Carlos W. Elmenhorst (6. April 1910 — 24. October 2000) born Kurt Wolfram Carlos Elmenhorst, was a German merchant, Maya researcher, and collector of Maya textiles.

== Life ==
Carlos W. Elmenhorst was born in Kiel. He was the eldest son of five children of an old Hamburg merchant family. After an apprenticeship with Eduard Ringel & Co im- and exports in Hamburg, a merchant firm specialised in coffee, he decided to leave Germany 1932 for Guatemala, where he was more than 60 years active in the coffee trade business, first from 1933 to 1944 with Nottebohm Hermanos (Gebrüder Nottebohm), later in his own company.

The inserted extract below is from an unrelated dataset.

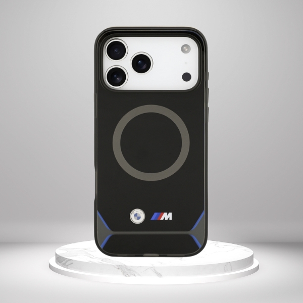 Na tylnej części umieszczono zintegrowany pierścień MagSafe, a dolną część zdobią subtelne niebieskie linie dekoracyjne oraz logo BMW M, które podkreślają sportowy charakter i precyzję wykonania.
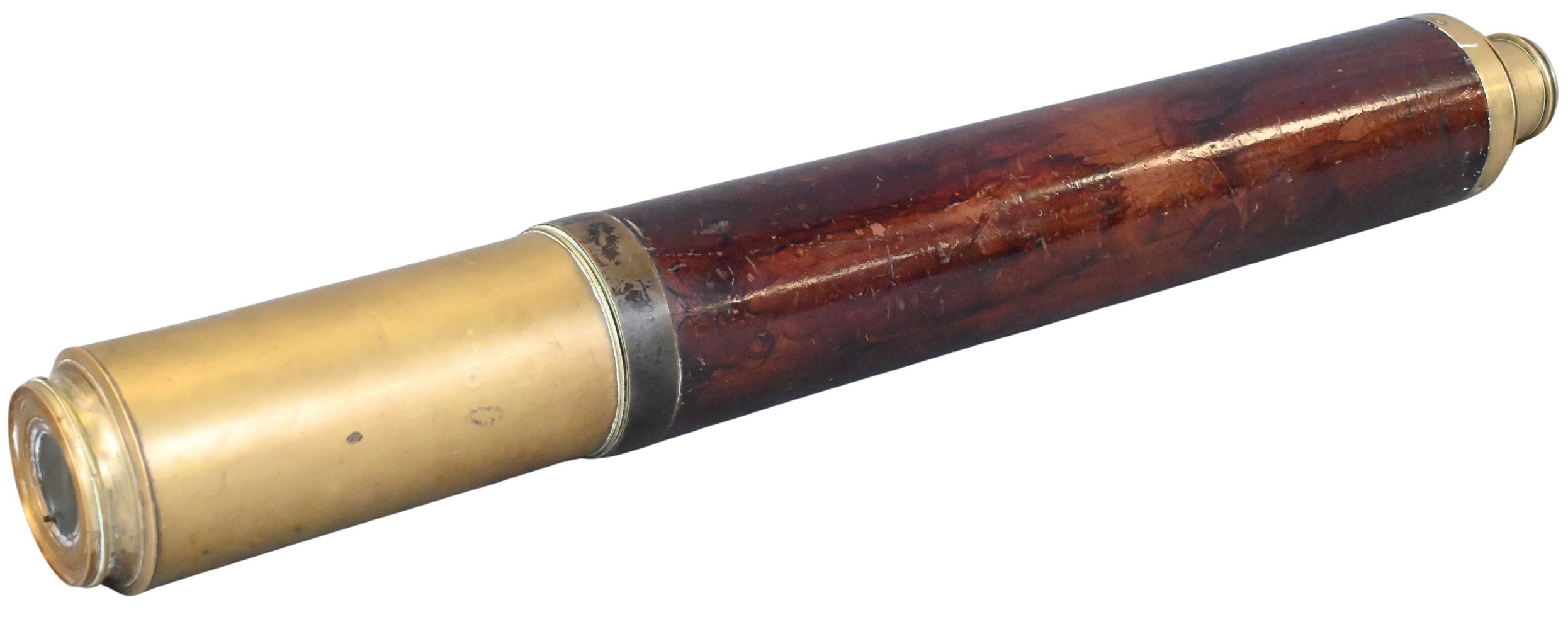 19th Century, A fine brass and mahogany spyglass, the cylindrical body clad in polished mahogany, fitted with brass mounts and sliding sunshade.

Apart from his business as merchant he collected since the 1930s systematically textiles of all Mayas populations in Guatemala, thus assembling one of the most complete collections of Maya textiles in the world.

He donated his collection of more than 1,000 items in 1989 to the Hamburg Museum für Völkerkunde Hamburg, which is showing it since 2011 as Sammlung Elmenhorst in the permanent exhibition.

His library with an abundant collection of antiquarian autographs and contemporary travel and expedition reports about Central America in the 16th century he bequeathed as Carlos Elmenhorst Collection to the Ludwig von Mises library of the Francisco-Marroquín-University in Guatemala City. It is currently being digitalised and will be published online. He died in Guatemala City.